Accurate methods capable of predicting the impact of single nucleotide variants (SNVs) are assuming ever increasing importance. There exists a plethora of in silico algorithms designed to help identify and prioritize SNVs across the human genome for further investigation. However, no tool exists to visualize the predicted tolerance of the genome to mutation, or the similarities between these methods.

Results

We present the Genome Tolerance Browser (GTB, http://gtb.biocompute.org.uk): an online genome browser for visualizing the predicted tolerance of the genome to mutation. The server summarizes several in silico prediction algorithms and conservation scores: including 13 genome-wide prediction algorithms and conservation scores, 12 non-synonymous prediction algorithms and four cancer-specific algorithms.

Conclusion

The GTB enables users to visualize the similarities and differences between several prediction algorithms and to upload their own data as additional tracks; thereby facilitating the rapid identification of potential regions of interest.

Keywords

SNVsMutationPathogenicity predictionPrediction algorithmVariant effect predictionGenome browserGenome tolerance

Background

The rate at which single nucleotide variants (SNVs) are being identified across the genome has increased owing to technological advances and the falling costs in whole-genome sequencing [21]. The main challenge facing clinicians and researchers is identifying which of these SNVs contribute to disease predisposition [6]. There are many algorithms capable of predicting the functional consequences of these variants, including those focussing on nonsynonymous SNVs (nsSNVs) that induce amino acid substitutions [4, 18], SNVs that influence specific diseases such as cancer [7, 17], or SNVs that fall within non-coding regions of the genome [8, 14, 19]. However, each method employs a different approach to variant effect prediction, which can sometimes lead to conflicting predictions for the same variant being made.
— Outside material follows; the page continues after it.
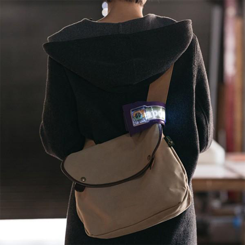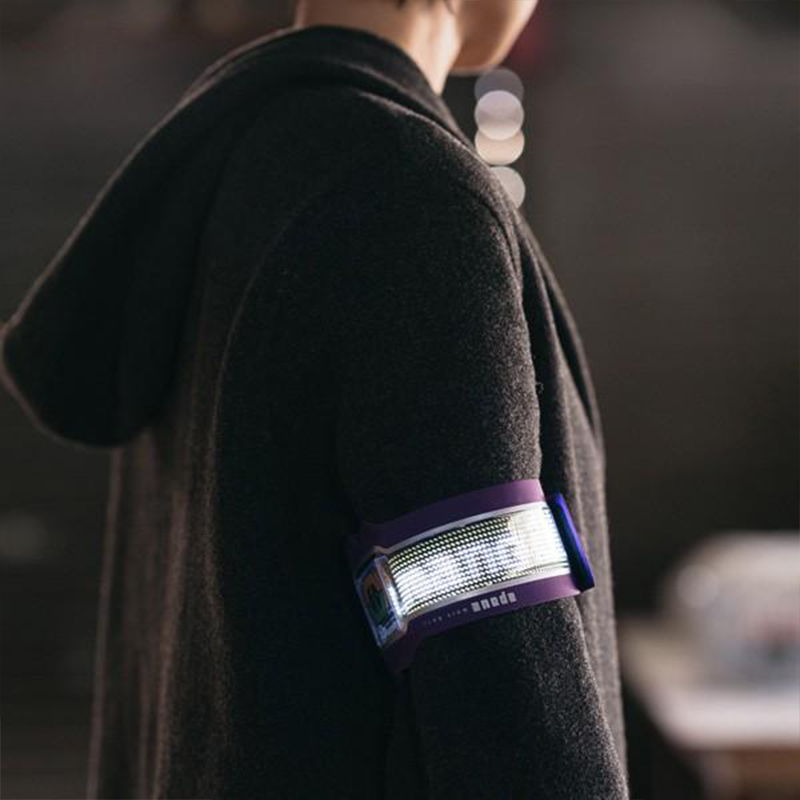 ウェアラブルLEDディスプレイ「FLEX SIGN anode」の特徴は、曲げられる、スマホでメッセージを変更できる、12時間使用可能、軽さ20gです。

For example, sequence-based algorithms begin with a multiple sequence alignment between the gene or protein of interest and homologous sequences. Here, it is assumed that conserved positions within the alignment indicate that there are strong selective pressures acting on particular residues; therefore, genomic variants occurring at these positions are often considered to be functional. On the other hand, structure-based algorithms use structural properties, such as the accessible solvent area, to identify putative functional variants. These algorithms assume that variants falling at specific sites are functional regardless of sequence conservation, e.g. buried residues. Recently, a new class of prediction algorithms capitalizing on state-of-the-art machine learning paradigms have emerged. These algorithms combine several sequence and structure-based annotations to train classifiers using known disease-causing variants and neutral polymorphisms. A comprehensive review on the underlying methodology of prediction algorithms is given in Ng and Henikoff [12], and a comprehensive comparative evaluation of algorithm performance has been performed by Thusberg et al [22].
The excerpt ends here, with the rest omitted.